Umut: Modern war doctrines aim to make resistance seem futile

Zeynep Umut, a board member of Rojava Fine Arts University, spoke about the developments in Aleppo on 6 January, addressing Hayat Tahrir al-Sham (HTS) attacks targeting Kurds and the psychological and ideological dimensions of modern warfare, not only its military aspects. She said that the targeting of health institutions in particular, the legitimization of armed groups, and the discourse that criminalizes Kurd’s form part of a broader strategy aimed at breaking the will of peoples to resist.

A clear sign of the moral and political decay of our time

Zeynep Umut said the events in Aleppo cannot be treated as an ordinary clash, and stressed that the targeting of a hospital in particular points not only to a military act but also to a moral and political rupture: “What happened in Aleppo on 6 January cannot be brushed aside as routine news of a clash. HTS attacks targeting Kurds, especially the targeting of a hospital, were not merely a military move; they were a clear sign of the moral and political decay of the era we are living in. The reality that the structure being circulated today under the name HTS is among the world’s bloodiest and most brutal organizations is not in dispute. The fact that groups that have made beheading a method, execution a form of politics, and fear a mode of governance can suddenly be presented as ‘legitimate actors’ is the real issue that must be confronted. Even more disturbing is that the Kurdish people, who resist this barbarism in the name of humanity, are simultaneously being criminalized with the label of ‘terrorism’ in the Turkish media.”

The real war is to break people’s will before fronts are formed

Umut said she does not view what happened as a mistake or a lack of information, but as the outcome of a deliberate choice. She said warfare today is not confined to the military sphere and that the primary aim of hegemonic powers is to break the will of peoples to resist: “This picture is not a mistake, a lack of information, or a communication failure; on the contrary, it is a conscious choice of our time. Today, hegemonic powers, such as the United States and Russia, do not rule solely through military superiority. The real war is being waged before fronts are even formed. This is called breaking the will. Modern war doctrines seek to convince peoples that resistance is meaningless. Threats of chemical weapons, high-tech missile simulations, artificial intelligence-supported war scenarios, and fear-mongering videos circulated on social media all convey the same message: ‘If you resist, you will be annihilated.’ This is less a military strategy than a technique of psychological annihilation. Defeat is imposed before it is experienced in reality; people therefore do not rise, do not speak out, and grow accustomed to what is happening.”

Not merely a defensive reflex

Zeynep Umut drew attention to the stance displayed by Kurds today, stressing that it cannot be read merely as a defensive reflex, but carries the meaning of a powerful rejection of the idea of submission imposed by the age.

Umut said, “This is precisely why the stance displayed by Kurds today is not merely a defensive reflex; it is a position that shatters the greatest lie of this age. We are speaking of a will that shows resistance is still possible against tanks, artillery, and unmanned aerial vehicles.
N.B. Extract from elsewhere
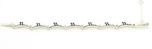 One of our best sellers because the white and black goes with everything. This bracelet is all handmade by a Navajo artist who signed and stamped the piece for authenticity. The stone that is inlayed in the bracelet are onyx and white buffalo. The bracelet is 7 inches in length and can be altered if need be. A piece of artwork!
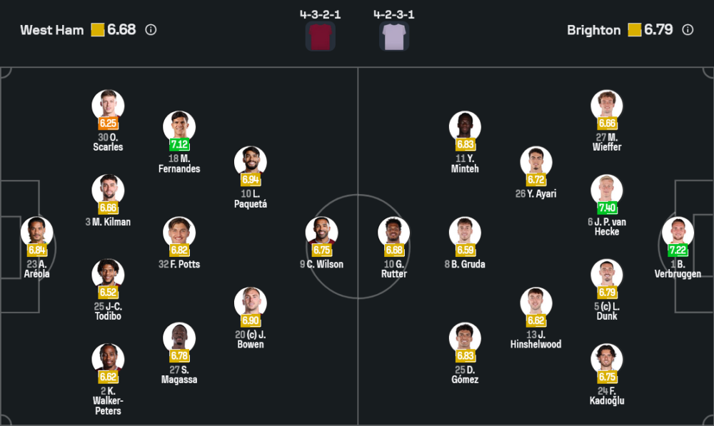 ถ้าวัดกันด้วยชื่อชั้นและรูปเกมในซีซันนี้ ไบรท์ตันดูมีระบบที่ชัดเจนกว่า การต่อบอลสั้น ลากดึงออกด้านข้าง แล้วแทงทะลุให้ เวลเบ็ค หรือแนวรุกริมเส้นหลุดเข้าเขตโทษ ทำให้คู่แข่งต้องวิ่งตามตลอด 90 นาที ยิ่งมี มินเตห์ ที่สปีดจัด และ อายารี ที่จ่ายบอลคม ทำให้แนวรับเวสต์แฮมต้องระวังพื้นที่ระหว่างเซ็นเตอร์กับฟูลแบ็กเป็นพิเศษ

We are speaking of a people who do not retreat despite threats of ‘you will be annihilated,’ and who do not submit in the face of scenarios of fear.”

Kurds have existed by resisting, not by submitting

Zeynep Umut said this resistance is not a momentary outburst, and pointed to the historical experience of the Kurds, noting that resistance represents a cultural and political continuity: “What we are talking about here is not a sudden surge of courage, but a culture of resistance built over time. Kurds have existed by resisting, not by submitting. They have grown stronger each time by rising again against denial, suppression, and attempts to invert reality. The reason they remain at such a constant target today lies precisely here.

The legitimization of HTS and the criminalization of Kurds cannot be read separately from this context. This is not chaos in which good and evil are blurred; it is a systematic attempt to break the culture of resistance. People who resist constitute not only a military but also an ideological threat.

The fact that these developments are so visible is not coincidental; it is the result of a strategy that expects us to grow accustomed to them, to normalize them, and to stop questioning. To dismiss the issue by saying ‘the world is already like this’ is the greatest form of complacency. It is precisely at this point that historical and theoretical reflection is needed more than ever.

Only then can we see how this distortion, presented to us as natural, has been constructed, and be reminded that will has not yet been fully subdued.”